If H = (x^3 - 6x^2 - x + 30)/(x - 5) and x ≠ 5, then H is equivalent

Thank you Bunuel & shrouded1!! I knew factoring out (x-5) from the nominator was the key but couldn't figure out how to do that...

Substitution is clearly easier but knowing both methods helps.

For others who might come across this:

You can also do:

(x^3) - 5(x^2) - (x^2) - x + 30
(x^2)(x - 5) - (x^2 + x -30)
x^2(x - 5) - (x + 6) (x - 5)
(x-5) [x^2 - (x + 6)]
(x-5) (x^2 - x - 6)
Dividing by (x - 5) = x^2 - x - 6
Option A.

If you know that an equation with degree 3 has a linear factor, it's pretty easy to find the quadratic factor.
Co-efficient of \(x^2\) and the constant term can be found by observing the \(x^3\) term and constant term on the left.


This is where you stop in your question because only one option has -6 as the constant term. But, if you do need to find the middle term, do the following. Let's find how we obtained the -x term on the left. For that, on the right, x got multiplied by -6 and the product (-6x) got added to the product of -5 and the missing middle term. To get -x, you must add 5x to -6x, therefore, the missing middle term must be -x.
so you get the quadratic factor as \(x^2 - x - 6\)

You could also multiply all the 4 options with (x-5) and see which give (x^3) - 6(x^2) - x + 30

Bumping for review and further discussion*. Get a kudos point for an alternative solution!

*New project from GMAT Club!!! Check HERE

\(\frac{x^3 - 6x^2 - x + 30}{x-5} = H\)

\(x^3 - 6x^2 - x + 30 = (x-5) * H\)

Maximum power of x on RHS is 3; power of x in (x-5) is 1, so power of x in H should be 2

So, options B, C & D can be ignored

Working with Option A

\((x-5) * (x^2 - x - 6) = x^3 - x^2 - 6x - 5x^2 + 5x + 30 = x^3 - 6x^2 - x + 30\)

Answer = A

I used x=1 and got the right answer. Is it a good way to answer this type of question or algebra process is better?

Hi Salvetor,

GMAT questions are usually written in such a way that you can get to the correct answer using a variety of approaches. Thus, it can be a tricky argument to ask if one approach is "best." On Test Day, you have a number of different goals:

1) Get the immediate question correct, if you can.
2) Answer it in a reasonable amount of time (but don't spend too much time).
3) Get the highest score that you can in the OVERALL section.

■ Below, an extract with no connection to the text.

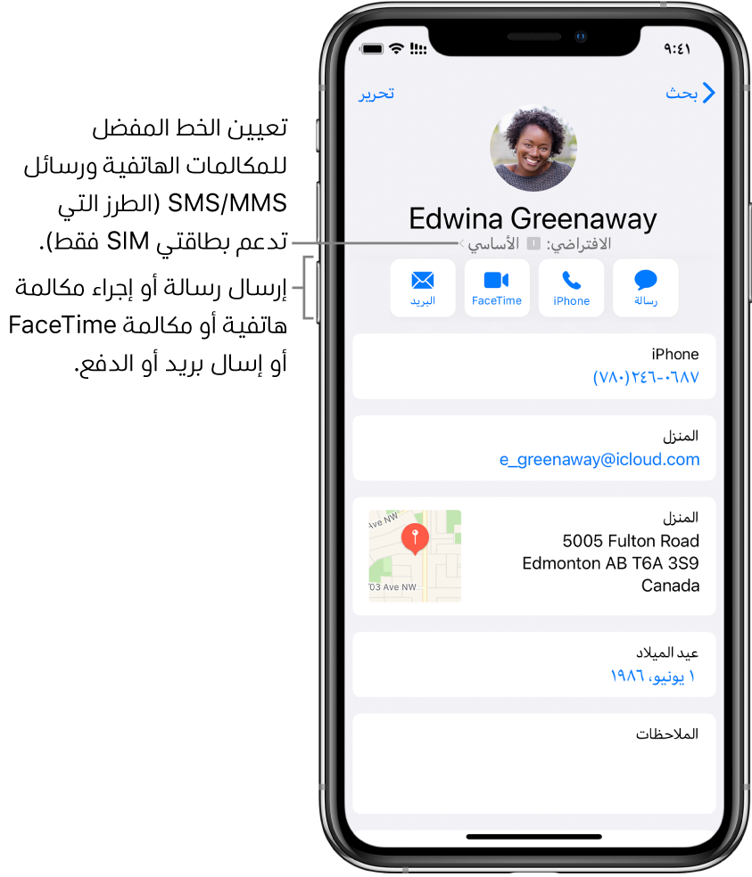 إضافة واستخدام معلومات جهات الاتصال على الـ Iphone الدعم Apple

I'm a BIG fan of TESTing VALUES (the approach that you used), but I also know that sometimes "doing math", using Number Properties, TESTing THE ANSWERS, etc. might be fastest/best depending on the situation. This is all meant to say that by practicing more than one approach, you will have the flexibility to choose how to approach each prompt (instead of getting "stuck" and having just one option which might take too long to implement) and a greater chance to score at a higher level.

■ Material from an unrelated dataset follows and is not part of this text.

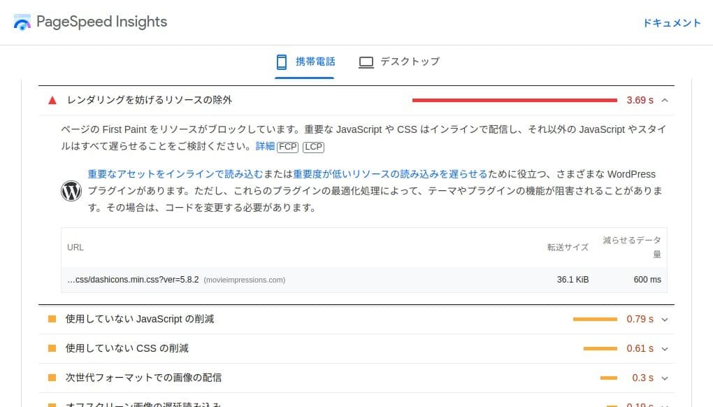 なぜこの件を思い立ったかは、Google の PageSpeed Insights で「そんなには褒めないよ。映画評」のページパフォーマンスを見てみましたら、dashicons.min.css が「レンダリングを妨げるリソース」と表示されたからです。

GMAT assassins aren't born, they're made,
Rich

Thanks for the explanation. And special thanks for this quote " GMAT assassins aren't born, they're made"

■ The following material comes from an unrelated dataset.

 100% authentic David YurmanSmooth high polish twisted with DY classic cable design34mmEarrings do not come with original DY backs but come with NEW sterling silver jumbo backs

If H = [(x^3) - 6(x^2) - x + 30] / (x-5)and x ≠ 5, then H is equivalent to which of the following?

A. (x^2) - x - 6
B. (x^3) + 3(x^2) + 3x
C. (x^3) - 25
D. (x^3) - 5(x^2) - 3x
E. (x^2) + x + 10

You also can do this;
A. : (x^2) - x - 6 *(x-5) >>> equal to (x^3) - 6(x^2) - x + 30] CORRECT
B. : (x^3) + 3(x^2) + 3x *(x-5) >>> not equal to (x^3) - 6(x^2) - x + 30] INCORRECT
C. : (x^3) - 25 *(x-5) >>> not equal to (x^3) - 6(x^2) - x + 30] INCORRECT
D. : (x^3) - 5(x^2) - 3x *(x-5) >>> not equal to (x^3) - 6(x^2) - x + 30] INCORRECT
E. : (x^2) + x + 10 *(x-5) >>> not equal to (x^3) - 6(x^2) - x + 30] INCORRECT

simply put x=o in all equations ..

Let x=0 ...... Then H = 30/-5 =-6

Apply in the answer choices:

A) -6 .........Keep

B) 0 ...........Eliminate

C) -5...........Eliminate

D) 0 ...........Eliminate

E) 10..........Eliminate

Answer: A

As we see, there are only variables in the question and in the answer choices. We can TEST some values and check the options.
Let's assume x = 6 as the denominator will be positive.
Substituting x = 6 in the equation we get

\([ \frac{((6^3) - 6(6^2) - 6 + 30) }{ (6-5)} ]\)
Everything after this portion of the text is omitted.